Below are records to reproduce in full; copy them exactly but keep the pictures out.
Data provided START
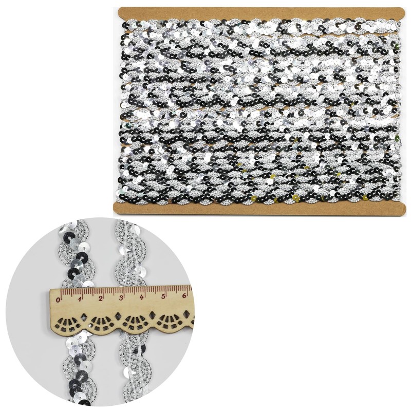 12 Yards Wide 0.59 Inch Silver Sequin Ribbon Trim for DIY Sewing Dress Dance Costumes,Headband (Silver)
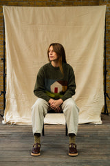 The House Intarsia Jumper celebrates traditional British knitwear in its purest form. knitted in 100% Shetland wool, it features a striking landscape intarsia pattern in muted primary tones — bold yet softened for everyday wear.
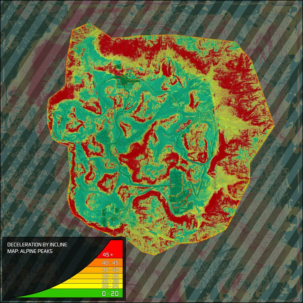 Разнообразные карты хороши не только разными климатическими параметрами, но и своей топологией, архитектурой. Alpine Peaks - большая карта, с идущими волнами холмами, при этом подъёмы в основном плавные. Карта дневная, так что идеальна для любителей стрелять на большие дистанции или по наводке пускать ракеты. В противоположность ей Canyon Network уже теплее, хотя тоже дневная. Представляет собой коридоры между резко вздымающимися плато, которые перекрывают обзор, а кроме того служат удобно площадкой для размещения засады. Так что разнообразия карт хватает, и они запоминаются, в них начинаешь вскорости запоминать удобные места для пряток или путей в тыл противника.
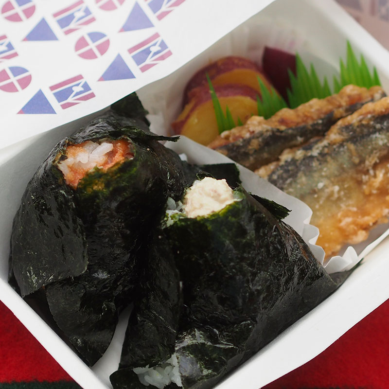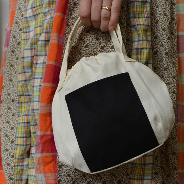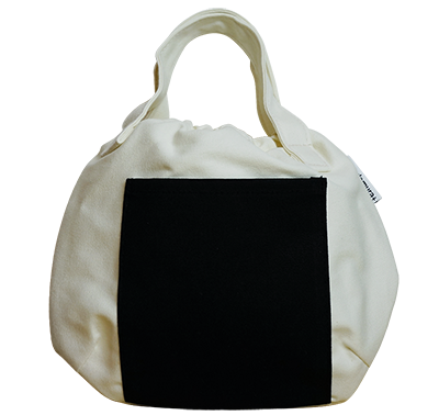 おにぎりのように、ふっくらとした丸みが可愛らしい手提げバッグ。使い勝手のよいお弁当箱サイズで、海苔の部分はポケットに。山田村店頭でご提示いただくと、おにぎりや惣菜商品を5%割引いたします。
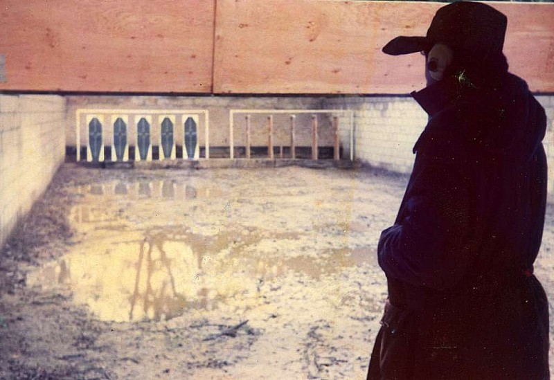 1975 - Making use of the compressor, a set of Turning targets were squeezed into the indoor range and the silhouette targets can be seen on the right.
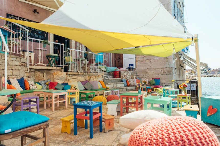 Nahaja se v Rovinju, na skalah, z barvitimi stoli in pogledom na morje.
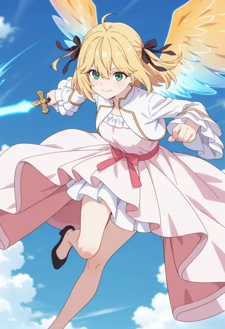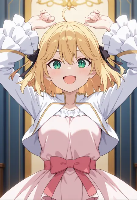anisphia_wynn_palettia, anisphia_def2, blonde hair, medium hair, ahoge, two side up, hair between eyes, green eyes,
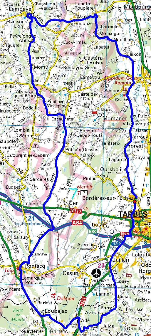 Bordères,Tarbes, Juillan,Louey, Bénac, Barry, Averan, Adé, Bartrès, Loubajac, Pontacq, D129, D202, Ponson-Dessus, Lac du Louet, Escaunets,Villenave près Béarn, Momy, Peyrelongue-Abos, Lembeye, Prendre direction Maubourguet, Lahitte-Toupière, TaD crois. D943-D59, Monségur, Caixon, Vic en Bigorre, St Lézer, Oursbelille, Bordères. |
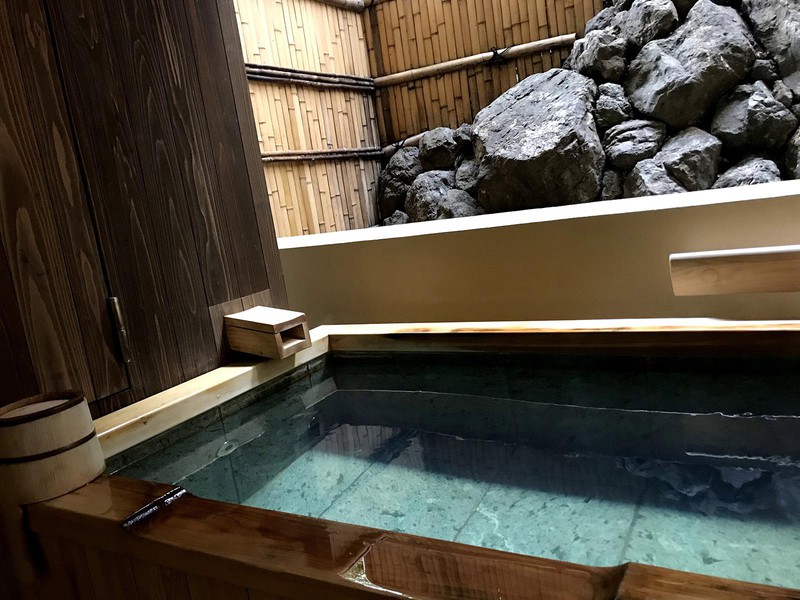 場所は、嵐山の有名な渡月橋からすぐのところという最高な立地。入り口の門をくぐると、築100年以上のかやぶき屋根の建物「茶寮 八翠」がありまして、コチラでウェルカムシャンパンをいただけます。通されたお部屋の扉を開けると、な、なんと天然温泉の露天風呂付き!(日曜日のチェックアウトまでに7回は入っちゃいました)
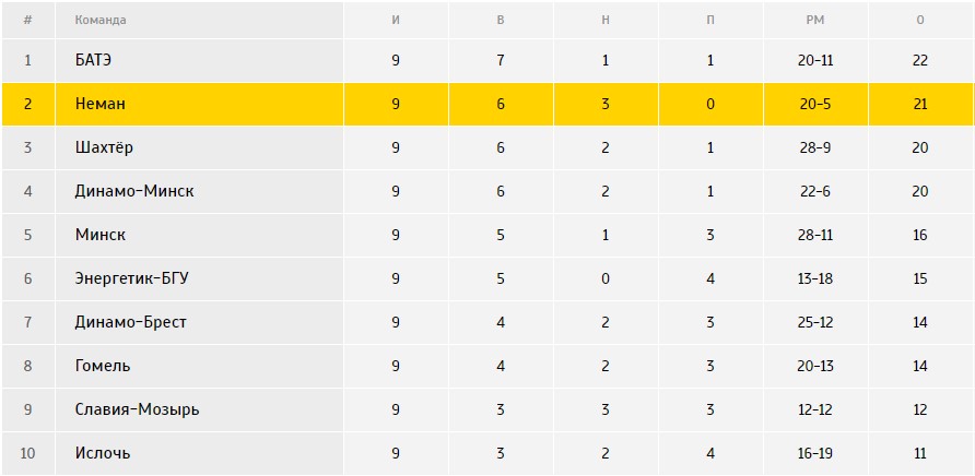 Вчера и позавчера прошли пять стартовых матчей 10 тура. Все наши непосредственные конкуренты отыграли без очковых потерь. Наступающий на пятки минский «Энергетик-БГУ» дома обыграл «Городею» со счётом 4:1, дубль минского «Динамо» в гостях крупно переиграл «Витебск» 6:3, БАТЭ на выезде одолел «Гомель» 2:0, а «Шахтёр» дома переиграл с таким же счётом «Дняпро».
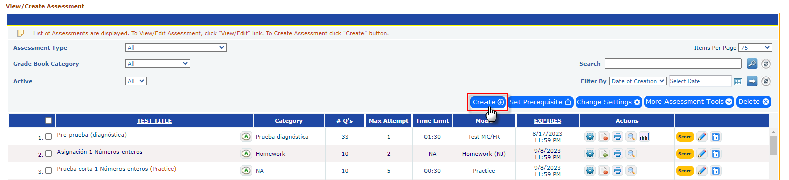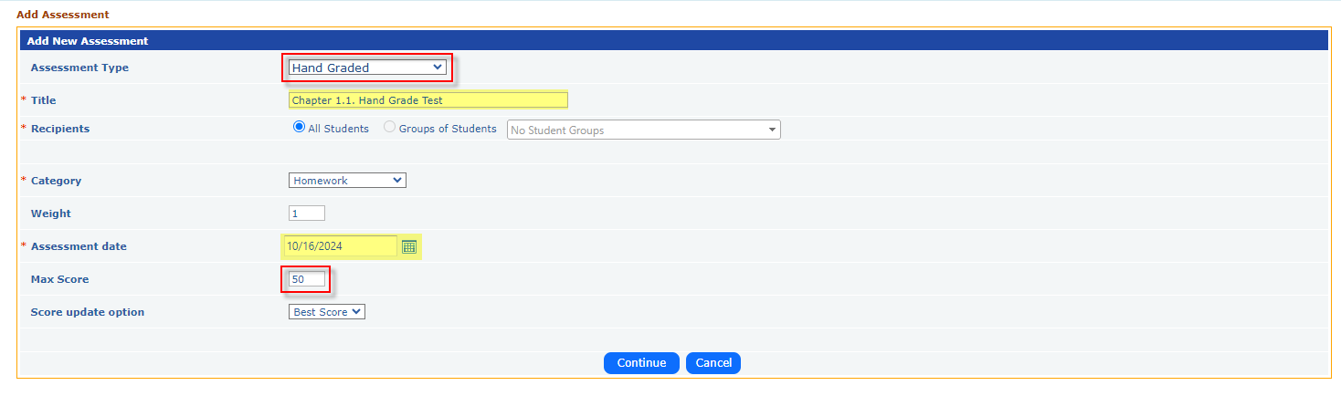 If you prefer to enter the scores later, simply click the Save button after creating the assessment title without entering any scores. This will add the hand-graded assessment title to your assessment list. Whenever you're ready to enter scores, click the Score button, input the scores as described above, and save.
Data provided END
Solution to this problem =
 12 Yards Wide 0.59 Inch Silver Sequin Ribbon Trim for DIY Sewing Dress Dance Costumes,Headband (Silver)
 The House Intarsia Jumper celebrates traditional British knitwear in its purest form. knitted in 100% Shetland wool, it features a striking landscape intarsia pattern in muted primary tones — bold yet softened for everyday wear.
 Разнообразные карты хороши не только разными климатическими параметрами, но и своей топологией, архитектурой. Alpine Peaks - большая карта, с идущими волнами холмами, при этом подъёмы в основном плавные. Карта дневная, так что идеальна для любителей стрелять на большие дистанции или по наводке пускать ракеты. В противоположность ей Canyon Network уже теплее, хотя тоже дневная. Представляет собой коридоры между резко вздымающимися плато, которые перекрывают обзор, а кроме того служат удобно площадкой для размещения засады. Так что разнообразия карт хватает, и они запоминаются, в них начинаешь вскорости запоминать удобные места для пряток или путей в тыл противника.
 おにぎりのように、ふっくらとした丸みが可愛らしい手提げバッグ。使い勝手のよいお弁当箱サイズで、海苔の部分はポケットに。山田村店頭でご提示いただくと、おにぎりや惣菜商品を5%割引いたします。
 1975 - Making use of the compressor, a set of Turning targets were squeezed into the indoor range and the silhouette targets can be seen on the right.
 Nahaja se v Rovinju, na skalah, z barvitimi stoli in pogledom na morje.
anisphia_wynn_palettia, anisphia_def2, blonde hair, medium hair, ahoge, two side up, hair between eyes, green eyes,
 Bordères,Tarbes, Juillan,Louey, Bénac, Barry, Averan, Adé, Bartrès, Loubajac, Pontacq, D129, D202, Ponson-Dessus, Lac du Louet, Escaunets,Villenave près Béarn, Momy, Peyrelongue-Abos, Lembeye, Prendre direction Maubourguet, Lahitte-Toupière, TaD crois. D943-D59, Monségur, Caixon, Vic en Bigorre, St Lézer, Oursbelille, Bordères. |
 場所は、嵐山の有名な渡月橋からすぐのところという最高な立地。入り口の門をくぐると、築100年以上のかやぶき屋根の建物「茶寮 八翠」がありまして、コチラでウェルカムシャンパンをいただけます。通されたお部屋の扉を開けると、な、なんと天然温泉の露天風呂付き!(日曜日のチェックアウトまでに7回は入っちゃいました)
 Вчера и позавчера прошли пять стартовых матчей 10 тура. Все наши непосредственные конкуренты отыграли без очковых потерь. Наступающий на пятки минский «Энергетик-БГУ» дома обыграл «Городею» со счётом 4:1, дубль минского «Динамо» в гостях крупно переиграл «Витебск» 6:3, БАТЭ на выезде одолел «Гомель» 2:0, а «Шахтёр» дома переиграл с таким же счётом «Дняпро».
 If you prefer to enter the scores later, simply click the Save button after creating the assessment title without entering any scores. This will add the hand-graded assessment title to your assessment list. Whenever you're ready to enter scores, click the Score button, input the scores as described above, and save.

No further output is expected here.